Petra Al-Shami says that harm is not a quality related to a woman or to a man as a gender, and competition may be in working with men and be harmful, and that the person’s psyche, personality and upbringing play a role in the matter, not gender.
As for considering women the enemy of women, she considers her a “propaganda” (propaganda) planted in the minds of people and nothing more, and the focus is on “the most beautiful, the longest and the most part, and words of that nature.”
She points out that she was supported in her work by two women who are, according to her, “a role model, and without them I would not be who I am now.”
They deal differently
For her part, lawyer Samia Al-Mawli says that women are more severe in dealing with the girl of her gender, “so that we find judges and employees deal with women in a different way than if the judge or the employee is a man.”
She adds that she feels sorry for the existence of this model, but she considers that it is not the only one, as there are supportive women, for example, she sympathizes more with the woman’s client and provides her with support as much as she can.
The enmity is historical
In her interview with Al-Jazeera Net, psychologist Kawthar Itani says that if jealousy is logical, then it is an incentive for competition, success, identification and a positive outlook.

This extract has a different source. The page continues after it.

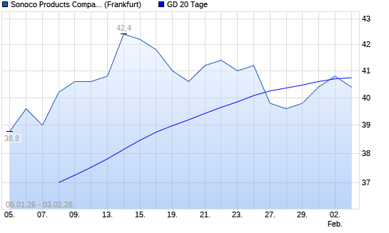 Mit dem Anstieg auf 40,80 EUR hat die Sonoco Products-Aktie am 02.02.2026 die 20-Tage-Linie nach oben gekreuzt.Die Sonoco Products-Aktie befindet sich seit dem 05.01.2026 im langfristigen Aufwärtstrend ...weiterlesen
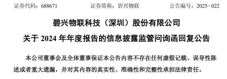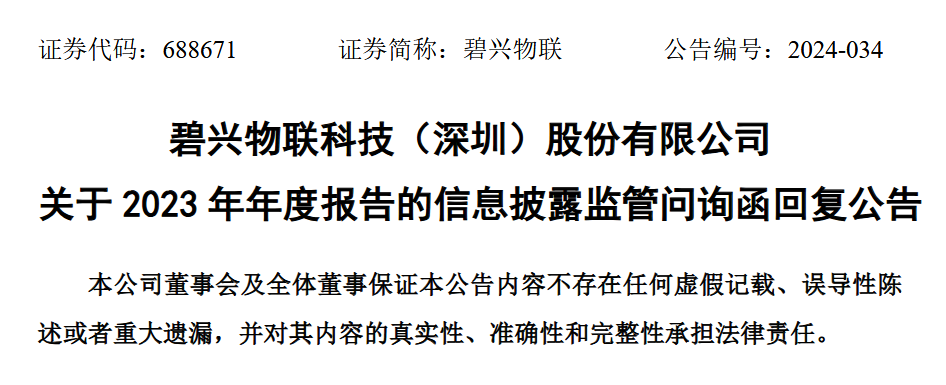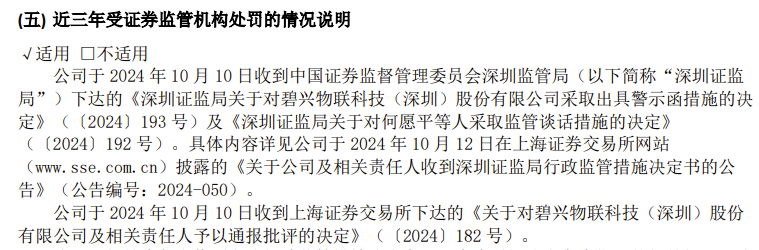 2024年10月10日,上市仅1年有余,碧兴物联及相关高管(公司董事长何愿平、时任总经理朱缨、财务总监王进、董事会秘书潘海瑭)便收到深圳证监局的行政监管措施决定书,公司收警示函,上述高管被监管谈话。同日,公司及相关高管收到上交所对公司及相关高管予以通报批评的决定。

Itani does not agree with the generalization of the idea that women are jealous, as men are also jealous. The matter is related to education first, and how did the person live during the period of fraternal envy, and what was the family atmosphere, and was he comparable and frustrated? She says that this causes jealousy later in many forms.
She adds that there are theories that consider that women’s jealousy of women arose in the ancient stages, where there was competition for men. And that in the early stages of a woman’s entry into the labor market, her goal was to satisfy the man’s employer, so competition was with this goal, and the positive evaluation of him towards her gave her a large charge of appreciation, and thus envy, jealousy and enmity arise.

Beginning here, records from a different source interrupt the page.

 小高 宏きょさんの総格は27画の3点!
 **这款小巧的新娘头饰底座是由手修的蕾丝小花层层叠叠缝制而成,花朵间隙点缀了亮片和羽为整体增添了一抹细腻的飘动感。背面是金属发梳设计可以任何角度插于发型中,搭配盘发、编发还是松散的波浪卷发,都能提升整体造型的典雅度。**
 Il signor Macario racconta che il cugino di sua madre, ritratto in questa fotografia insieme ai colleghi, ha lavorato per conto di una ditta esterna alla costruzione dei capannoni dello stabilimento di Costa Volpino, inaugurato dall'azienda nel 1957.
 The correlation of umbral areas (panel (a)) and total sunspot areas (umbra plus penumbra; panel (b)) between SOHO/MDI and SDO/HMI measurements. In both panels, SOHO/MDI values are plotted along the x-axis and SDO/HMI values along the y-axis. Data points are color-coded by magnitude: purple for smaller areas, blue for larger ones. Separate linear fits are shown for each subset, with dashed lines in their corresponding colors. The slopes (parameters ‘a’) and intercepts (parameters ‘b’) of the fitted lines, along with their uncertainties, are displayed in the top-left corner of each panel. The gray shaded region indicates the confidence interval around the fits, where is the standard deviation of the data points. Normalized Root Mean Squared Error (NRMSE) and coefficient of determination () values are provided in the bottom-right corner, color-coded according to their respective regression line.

Changing women’s relationships
When women became in leadership positions, they became in the stage of self-realization, and the hostility diminished, and they became aware of the characteristics and skills of the woman working with her, this is what Itani explains.
She considers that some women do not have professional satisfaction, so she is compensated in a way that may not satisfy young women in the professions, as she feels the danger of the other woman and the fear of opportunities for others to reach and lose what they have earned.
The psychologist points out that sometimes women are supportive and adopt the young and support them, and the one at that time has achieved professional satisfaction and believes in the right of the new generation to access.
Get the opportunity
Itani returns and says that some women arrived thanks to their relationships and not their achievements, and this creates a sense of injustice among the able, prepared and empowered, but they did not get the opportunity.
In her opinion, there are no blatant animosities between women now unless some of them have a specific problem with their character.
She concludes that the competition between the female and the male has a clear professional dimension. As for the female, it is complex, and how does this woman see her femininity and how to achieve it, and how the man sees her.